Summary of key concepts in Kafka headers
Understanding Kafka headers
Kafka headers are key-value pairs that you add to Kafka messages. The headers can transport any metadata necessary for consumers to handle messages appropriately.
Consider a Kafka message with a JSON payload that represents an e-commerce order. You can use headers to add more information related to this message, such as:
content-type
: Specifies the format of the message payload.created-at
: Specifies message creation time.trace-id
: A globally unique identifier that allows the message to be traced as it flows through the system.
The code below shows how you can do this on the producer side.
ProducerRecord<String, String> record = new ProducerRecord<>(topic, key, value);
record.headers().add("content-type", "application/json".getBytes());
record.headers().add("created-at", Long.toString(System.currentTimeMillis()).getBytes());
record.headers().add("trace-id", "12345".getBytes());
producer.send(record);
The headers are now available on the consumer side. The code below prints the header values, but you can process them as needed.
for (ConsumerRecord<String, String> record : records) {
Headers headers = record.headers();
for (Header header : headers) {
System.out.println("Key: " + header.key() + ", Value: " + new String(header.value()));
}
}
It is important to note that every key within your headers must be unique to avoid ambiguity and prevent conflicts during message processing.
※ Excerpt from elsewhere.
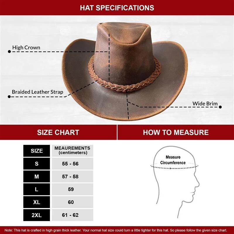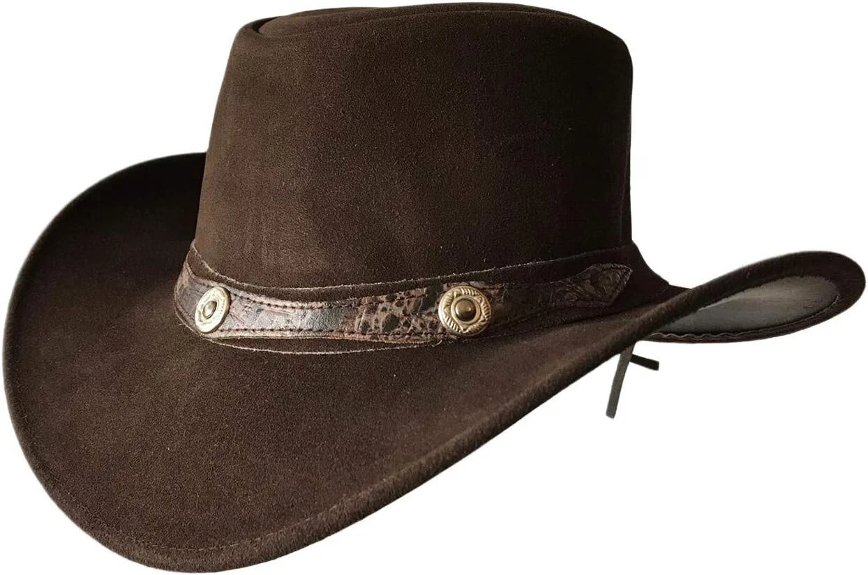 Hat's Leather Top Quality: Our Australian bush leather hat is exclusively made with the finest genuine leather and premium reinforced stitching. This handmade down-under Hat will give you the best level of durability and comfort. Produced to the highest standards of premium craftsmanship making our leather cowboy hats for men stand alone and lasting for decades.

Duplicate keys can result in data overrides, loss, and inaccurate data.
Headers headers = new RecordHeaders();
headers.add("key1", "value1".getBytes());
headers.add("key2", "value2".getBytes());
// Adding a duplicate key overwrites the previous value
headers.add("key1", "newValue".getBytes()); // Overwrites "value1" with "newValue"
In the above example, adding a duplicate key, such as key1, overrides the previous value. Keys in a record must maintain uniqueness to ensure clear and non-redundant data.
Serialization
Serialization involves converting the header value into a format suitable for transmission or storage. Kafka header values are stored as byte arrays (byte[]
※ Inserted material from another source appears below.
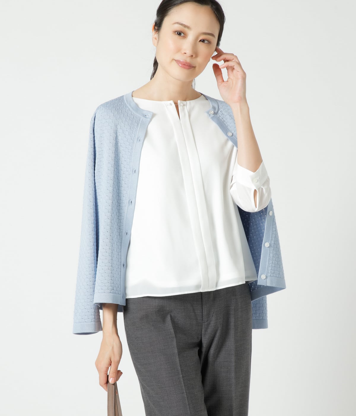 セットアップ(品番:71012401)(品番:71112401)(品番:71212401)(品番:71312401)のインナーにすると上品なオフィススタイルに。

). Serialization converts data types like string to a byte array with UTF-8 encoding.
String value = "application/json";
byte[] serializedValue = value.getBytes(StandardCharsets.UTF_8);
record.headers().add("content-type", serializedValue);
Similarly, you can serialize a long value, like a timestamp, into bytes using a ByteBuffer.
long timestamp = System.currentTimeMillis();
ByteBuffer buffer = ByteBuffer.allocate(Long.BYTES);
buffer.putLong(timestamp);
byte[] serializedValue = buffer.array();
record.headers().add("created-at", serializedValue);
Deserialization
Deserialization converts the byte array back to its original format. For example, you can convert a byte array back into a string using UTF-8 decoding.
byte[] serializedValue = headers.lastHeader("content-type").value();
String value = new String(serializedValue, StandardCharsets.UTF_8);
Similarly, you can use ByteBuffer to convert the array back to its long value.
byte[] serializedValue = headers.lastHeader("created-at").value();
ByteBuffer buffer = ByteBuffer.wrap(serializedValue);
long timestamp = buffer.getLong();
Tools and libraries
Apache Avro™ is a popular serialization framework that supports rich data structures and schemas. Google Protocol Buffers (Protobuf) is another language-neutral, platform-neutral extensible mechanism. You can also use libraries like Jackson's ObjectMapper to serialize and deserialize JSON objects.
// Serialize using Avro
ByteArrayOutputStream out = new ByteArrayOutputStream();
DatumWriter<GenericRecord> writer = new SpecificDatumWriter<>(schema);
Encoder encoder = EncoderFactory.get().binaryEncoder(out, null);
writer.write(record, encoder);
encoder.flush();
out.close();
byte[] serializedValue = out.toByteArray();
record.headers().add("avro-header", serializedValue);
// Deserialize using Avro
DatumReader<GenericRecord> reader = new SpecificDatumReader<>(schema);
Decoder decoder = DecoderFactory.get().binaryDecoder(serializedValue, null);
GenericRecord result = reader.read(null, decoder);
Kafka header use cases
Headers can be used for message routing, prioritization, tracing, and more. Below are common use cases.
Message routing
Headers allow producers to specify precisely where a message should be sent. It increases effectiveness and efficiency in message delivery.
For example, consider the following code snippet:
Producer
ProducerRecord<String, String> record = new ProducerRecord<>(topic, key, value);
record.headers().add("route-to", "consumer-group-1".getBytes());
producer.send(record);
In this example, the route-to header declares that the message should be delivered only to consumer-group-1.
Consumer
The consumer checks the route-to header and processes the message only if it is intended for consumer-group-1.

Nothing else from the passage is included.